The third discretion which a local authority can exercise is to allow the charge to be spread over a period of 30 years. This is under Section 181 of the Act. But again local authorities are reluctant to spread the charge over that period. They will sometimes spread it over three, or even four or five years, but they are not exercising their discretion to allow the owners to pay over 30 years which would relieve hardship and prevent the sales of property in some cases to meet the charges.

In none of these cases of failure to exercise a discretion can the owner appeal to the magistrates. His only appeal is to the Minister under Section 207. Any aggrieved person can appeal to the Minister within 21 days of the final demand for payment and the Minister can reach such decision as he thinks equitable. At this stage, the decision is wide open. The Minister can use pressure on the local authorities to exercise their discretion so as to relieve hardship to the owners, but I am afraid that my right hon. Friend and his predecessors have not, by their appeal decisions, directed local authorities to do so.

I ask my hon. Friend to ask his right hon.

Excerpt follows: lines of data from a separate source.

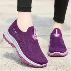女性用の通気性のあるニット製プラットフォームスニーカー、カジュアルな屋外用スリップオンシューズ、快適なロートップスポーツシューズ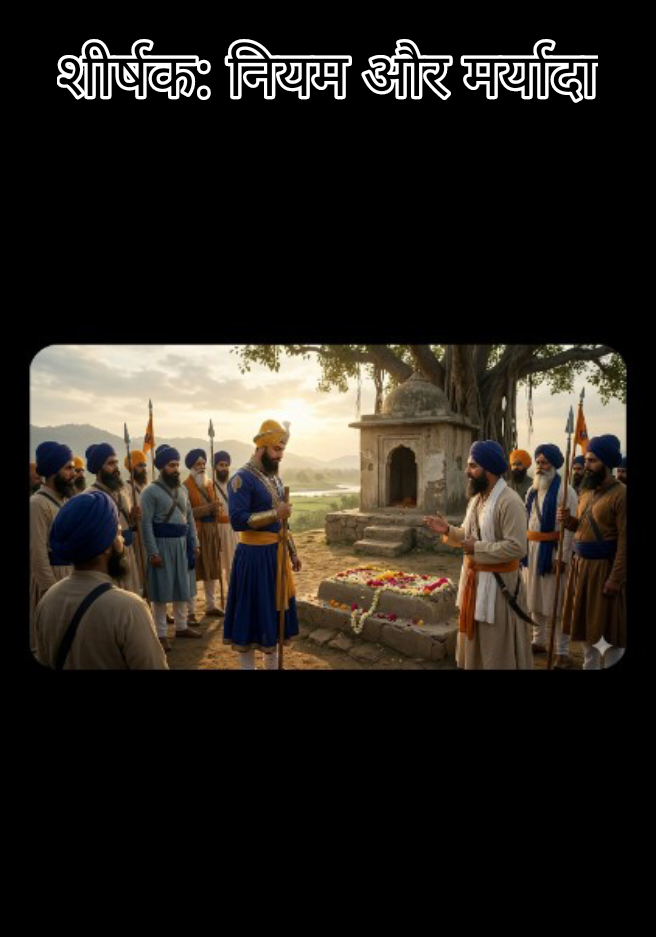 शीर्षक: नियम और मर्यादा एक बार श्री गुरु गोबिंद सिंह जी अपने सिखों के साथ कहीं जा रहे थे। रास्ते में एक बहुत ही प्रसिद्ध संत की समाधि (कब्र) आई। गुरु साहिब ने वहाँ से गुज़रते हुए अपनी तीर से उस समाधि को हल्का सा सलाम (नमन) किया। पास खड़े सिखों ने यह देखते ही गुरु जी को टोक दिया। सिखों ने कहा, "महाराज! आपने ही हमें सिखाया है कि 'मढ़ी-मसाण' (कब्रों या समाधियों) को नहीं पूजना चाहिए और न ही नमन करना चाहिए। फिर आपने आज नियम क्यों तोड़ा? मर्यादा के अनुसार आपको सज़ा (तनख्वाह) लगनी चाहिए।" गुरु साहिब यह सुनकर बहुत खुश हुए। उन्होंने मुस्कुराकर कहा, "सिक्खों, मैं तुम्हारी परीक्षा ले रहा था कि क्या तुम मेरे शब्दों को याद रखते हो या आँख बंद करके मेरा पीछा करते हो। तुमने मुझे सही पकड़ा है।" गुरु जी ने तुरंत अपनी गलती स्वीकार की और सिखों से कहा कि वे उन्हें मर्यादा के अनुसार सज़ा दें। सिखों ने गुरु जी को 500 रुपये का जुर्माना (तनख्वाह) लगाया। गुरु जी ने खुशी-खुशी वह जुर्माना भरा और सिखों की तारीफ की कि उन्होंने अपने गुरु को भी नियम की याद दिलाने में संकोच नहीं किया। यह साखी सिखाती है कि धर्म में कोई भी नियम से ऊपर नहीं होता, यहाँ तक कि खुद गुरु भी नहीं।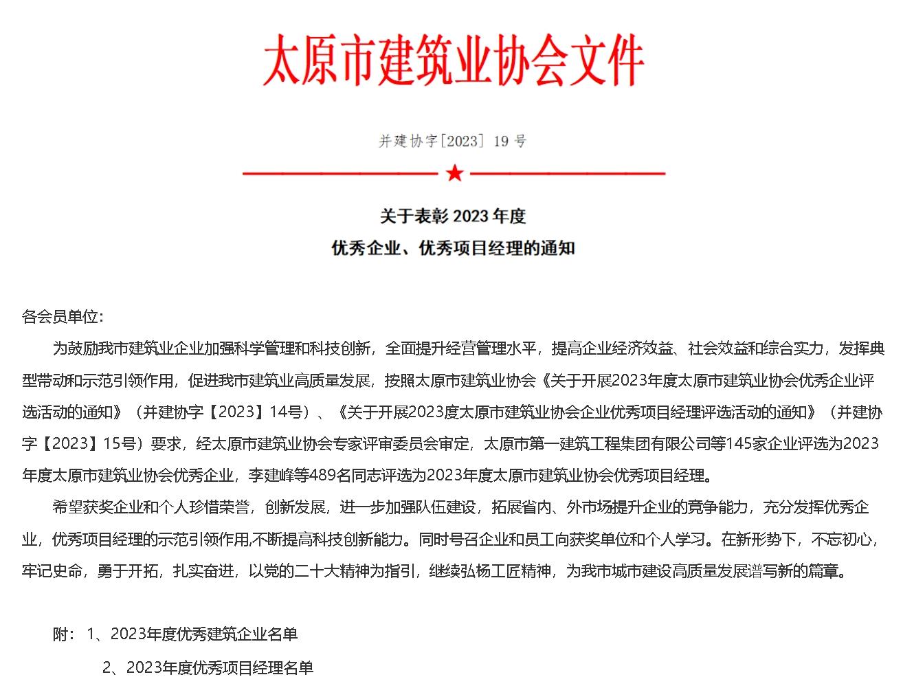 關(guān)于表彰2023年度優(yōu)秀企業(yè)、優(yōu)秀項(xiàng)目經(jīng)理的通知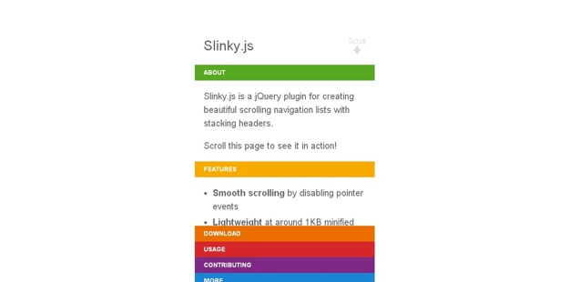 Slinky.js 是一个用在使用堆叠头部创建滑动导航列表的jQuery插件 。它有无数的特性:就像通过禁用光标事件来平滑滑动,压缩后大约1KB的轻量级,在窗口重调大小和DOM改变上刷新,还有和你喜欢的最新版本的浏览器兼容。

Friend to look again at the exercise of this appeal jurisdiction under Section 207 and where he sees real hardship, as there is in many cases, to say that the local authority should have exercised its discretion in relation to the greater or lesser degree of benefit, or, under Section 210, to relieve the owner in whole or in part of the charge, or its discretion under Section 181 to spread the burdenover a long period. I do not know what is the use of appealing under Section 207 if the Minister is not to do that. In the appeals to the Minister he has upheld the local authorities when there has been obvious hardship to the owners: I ask my hon. Friend to look at this matter again to see whether the appeal machinery could not be made more effective.

12.43 a.m.

Mr. Harold Davies (Leek)

I am grateful for the intervention of the hon. Member for Crosby (Mr. Graham Page). This is not necessarily a debate of world shattering importance, but it is of vital importance to people living in 24,000 streets in Britain, and probably one million families are affected by it. In an age when we talk of reaching the moon, man should first learn to do something about his own environment. Our first function should be to try to get a little affluence for the people of this earth. In our affluent society—and I am not making a political quip, because the affluent society is spreading throughout the world—surely a formula can be found to get rid of this disgusting anomaly.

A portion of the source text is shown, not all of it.